Moïse était surtout célèbre pour sa préférence pour les voitures par rapport aux transports en commun. Cela signifiait la construction d'autoroutes et de promenades dans les centres urbains afin de mieux desservir les banlieues en expansion rapide, plus riches et plus blanches (notamment le controversé Cross Bronx Expressway).
«[Moïse] a incité de nombreuses villes américaines à procéder à des travaux de modernisation parmi les plus étranges, les plus laids et les plus destructifs de l'histoire.» The Cross Bronx Expressway, ca. 1973. (via)
Il a également construit des parcs publics d'une manière qui interdisait délibérément les transports en commun, des logements sociaux interdisant aux personnes de couleur d'y vivre et des quartiers de communautés qui ne se sont pas encore complètement remis de ses politiques (y compris The Bronx). La conception américaine du «centre-ville», à savoir une friche effrayante, dépressive et toxicomane, était en partie le résultat de la politique de cet homme.
Ce que nous constatons actuellement dans des villes embourgeoisées telles que San Francisco, Chicago et Portland, est un rejet total de l'étalement suburbé de Moses, à faible densité de circulation, à trafic élevé et sans commodités. C’est vraiment une chose merveilleuse pour les résidents d’endroits comme LA, qui ont commencé à reconsidérer la nécessité d’un transport en commun efficace. Même la ville de New York, l'ancien terrain de jeu de Moses, a récupéré un certain nombre d'espaces réservés aux piétons au cours des dernières années, y compris le centre commercial autrefois notoire et désormais commercial.

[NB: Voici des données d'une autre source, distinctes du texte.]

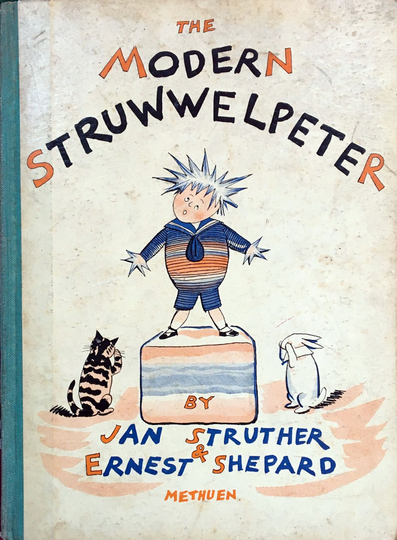 In 1935, Jan Struther (pseudonym of Joyce Maxton Graham, author of 'Mrs. Miniver') wrote a parody of Heinrich Hoffmann's infamous 19th-century children's book 'Der Struwwelpeter'. Hoffmann's original featured cautionary tales set to rhyme, usually with disobedient children dying horrific deaths. Struther's version, 'The Modern Struwwelpeter', isn't a direct parody, but a pastiche. It features modernized "scare 'em straight" stories, but with a witty, satirical undertone. Struther's 'Modern Struwwelpeter' was first serialized in Punch, with black-and-white illustrations by E. H. Shepard. In 1936, the stories were colorized and released in book format by Long Meadow, Guildford.

Pour ce qui est de créer des infrastructures plus solides et des communautés en meilleure santé dans les centres urbains, la gentrification est en fait une bonne chose. Mais au cours de ce processus de réurbanisation, les problèmes sous-jacents de racisme systémique et de classisme signifient que la gentrification favorise les mêmes personnes qui se sont rendues dans les banlieues plus sûres il y a cinquante ans - dont la majorité sont de race blanche.
Mais les conséquences de la gentrification sont encore plus profondes
Ce que certains d’entre nous ne réalisent peut-être pas, c’est que cette incitation des citoyens à faible revenu à quitter la ville à la suite de hausses de loyer obscènes n’est pas seulement un problème moral: c’est une question de vie ou de mort. Nous l’avons vu après Katrina et Sandy et la petite tempête de neige qui a provoqué la fermeture d’Atlanta - les zones à faible densité de population ne peuvent pas gérer les catastrophes naturelles aussi efficacement que les endroits où les ressources sont proches et ce sont généralement les zones de plus en plus peuplées qui souffrent le plus de couleurs. que ce soit Vanport ou Lower 9 th Ward de la Nouvelle-Orléans.
9ème arrondissement après Katrina (via)
La gentrification n'est pas simplement un problème en raison du blanchiment culturel à Albina en Oregon, de la perturbation des services publics à San Francisco et du nombre limité de logements pour les citoyens à faible revenu à Brooklyn. Il s'agit d'un problème en raison des mêmes personnes qui ont lutté contre le pire des «quartiers déshérités».”Les jours des années 70, 80 et 90, sont maintenant obligés de se déplacer tranquillement à la périphérie de la ville pendant que la marée monte.